--- Study material Enclosed Below ---

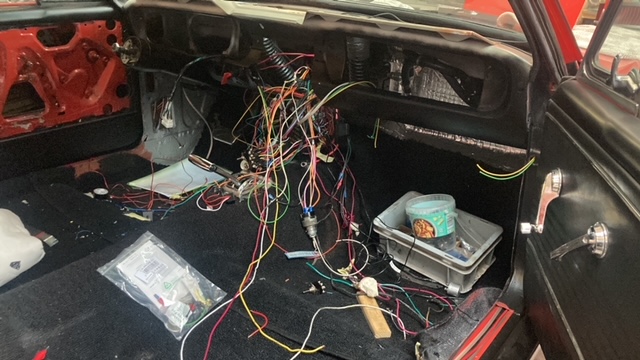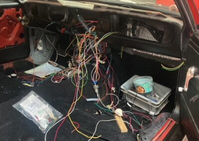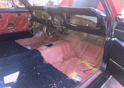 Deze American car wordt technisch totaal aangepakt en in orde gemaakt. Het begin is er! Alle elektra is als eerst verwijderd. Alle bedrading is nagelopen, vervangen en aangepast, aangesloten op vakkundige wijze, waarbij een extra accu is geplaatst. Op wens van de client wordt er een vliegtuigconsole lijkende cockpit geplaatst, waaruit alles straks wordt bediend. Al met al wordt dit een uniek plaatje, waarbij de klant zijn wensen bespreekbaar en tot uitvoering kan laten brengen door one piece at a time. Wat zeker gaat lukken!
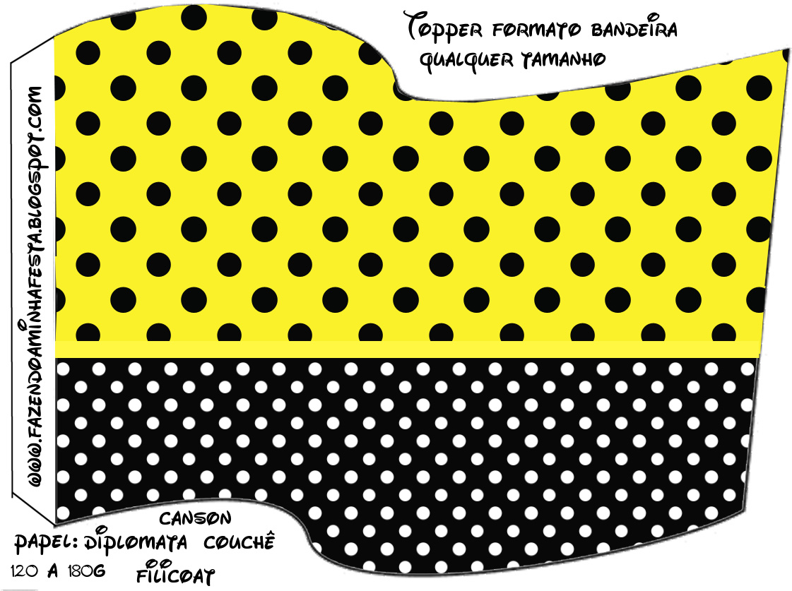 Bandeirinha Sanduiche Poá Amarelo, Preto e Branco:
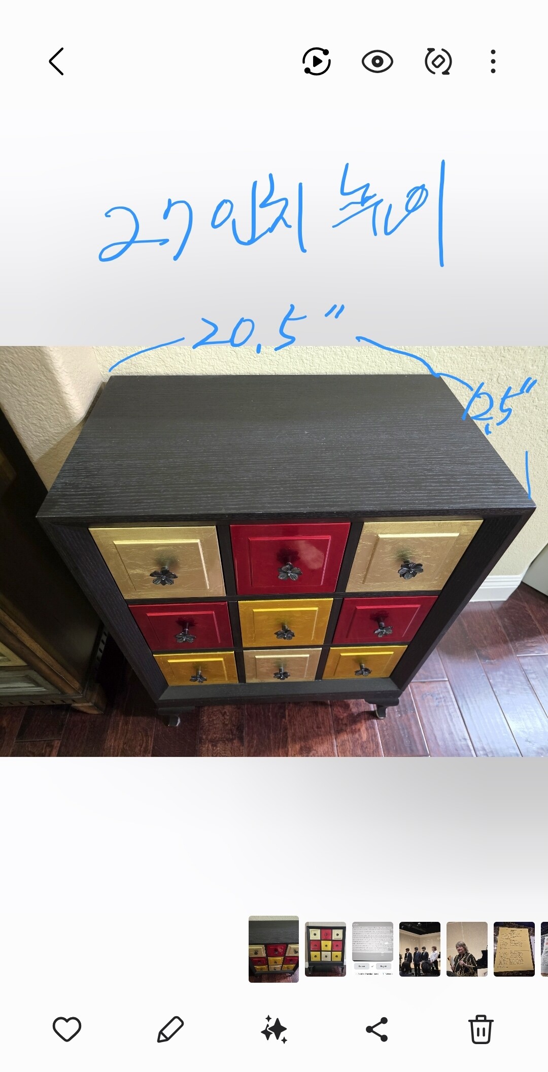 너무나 예쁜 한국 느낌 물씬 나는 9칸짜리 서랍장이예요.
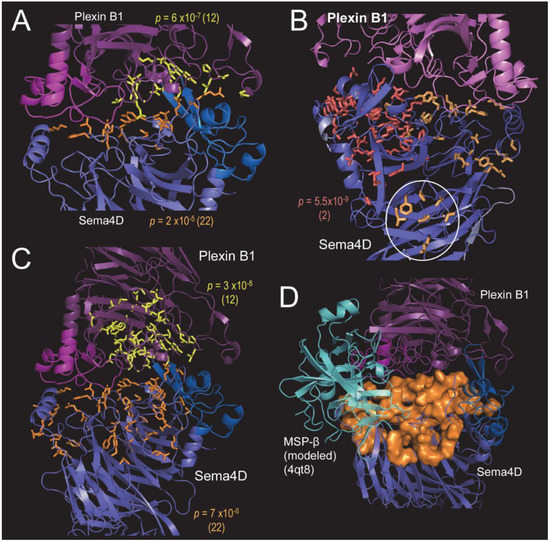 BPPS-SIPRIS analyses of the Sema4D–PlexinB1 complex (pdb_id: 3ol2). (A) BPPS-SIPRIS analysis identifying Sema4D- and PlexinB1-specific residues significantly clustered at the Sema4D–PlexinB1 interface; p-values and, in parentheses, the corresponding node IDs are indicated. Shown in orange are Sema4D residues contacting Plexin B1 and in yellow Plexin B1 residues contacting Sema4D. (B) Sema4D family- and subfamily-specific residue clusters identified by BPPS-SIPRIS (residue sidechains shown in red and orange, respectively). Two subfamily clusters were found: adjacent to the Plexin B1 interface and another at the Sema4D homodimeric interface (circled). (C) BPPS-SIPRIS analysis identifying Sema4D- and PlexinB1-specific residues significantly clustered within each subunit. (D) The Sema4D-specific residues in panel C (orange space-fill) are relative to a modeled interaction with MSP-β subunit. Bound MSP-β was modeled by structurally superimposing, over Plexin B1, the Ron Sema domain + MSP-β complex (pdb_id: 4qt8). Although merely hypothetical, this suggests that the larger Sema4D surface in panel C may facilitate binding of other cellular components.
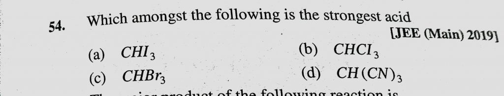 Which amongst the following is the strongest acid (a) CHI3 (b) CHCI3 (c) CHBr3 (d) CH(CN)3 Which amongst the following is the strongest acid (a) CHI3 (b) CHCI3 (c) CHBr3 (d) CH(CN)3 February 9, 2021 Category: Uncategorised (JEE Advanced Physics by BM Sharma + GMP Solutions) , Facebook Messenger WhatsApp Share this:TwitterFacebook Related
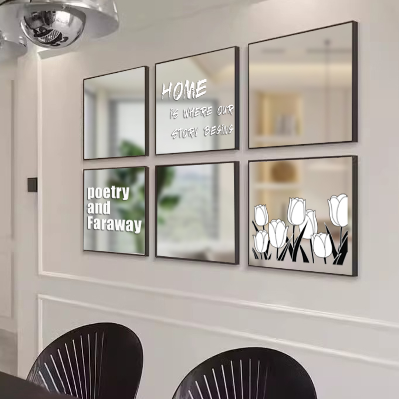 方形拼接镜子客厅餐厅墙面装饰镜玄关镜子软装壁挂金属镜子装饰画
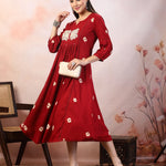Maroon Bandhej Printed & Embroidered Rayon Maxi Dress (Pre-Order)
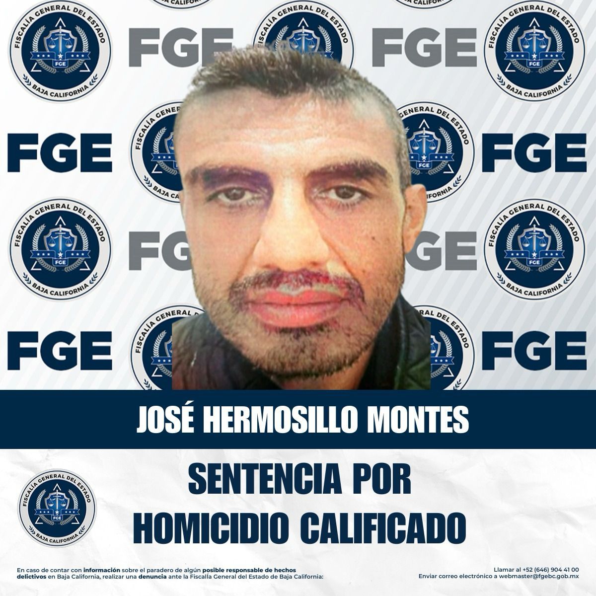 TIJUANA, BAJA CALIFORNIA. - La Fiscalía General del Estado, a través de la Fiscalía Especializada en Delitos Contra la Vida, obtuvo una sentencia condenatoria de 25 años de prisión en contra de José Hermosillo Montes, por su responsabilidad en el delito de homicidio calificado.

--- End of Enclosed Study material ---

Each line from the start of the entries to the line holding "너무나 예쁜 한국 느낌 물씬 나는 9칸짜리 서랍장이예요." is to be given again exactly, both ends included, and each picture is to be left out.

The answer –
 Deze American car wordt technisch totaal aangepakt en in orde gemaakt. Het begin is er! Alle elektra is als eerst verwijderd. Alle bedrading is nagelopen, vervangen en aangepast, aangesloten op vakkundige wijze, waarbij een extra accu is geplaatst. Op wens van de client wordt er een vliegtuigconsole lijkende cockpit geplaatst, waaruit alles straks wordt bediend. Al met al wordt dit een uniek plaatje, waarbij de klant zijn wensen bespreekbaar en tot uitvoering kan laten brengen door one piece at a time. Wat zeker gaat lukken!
 Bandeirinha Sanduiche Poá Amarelo, Preto e Branco:
 너무나 예쁜 한국 느낌 물씬 나는 9칸짜리 서랍장이예요.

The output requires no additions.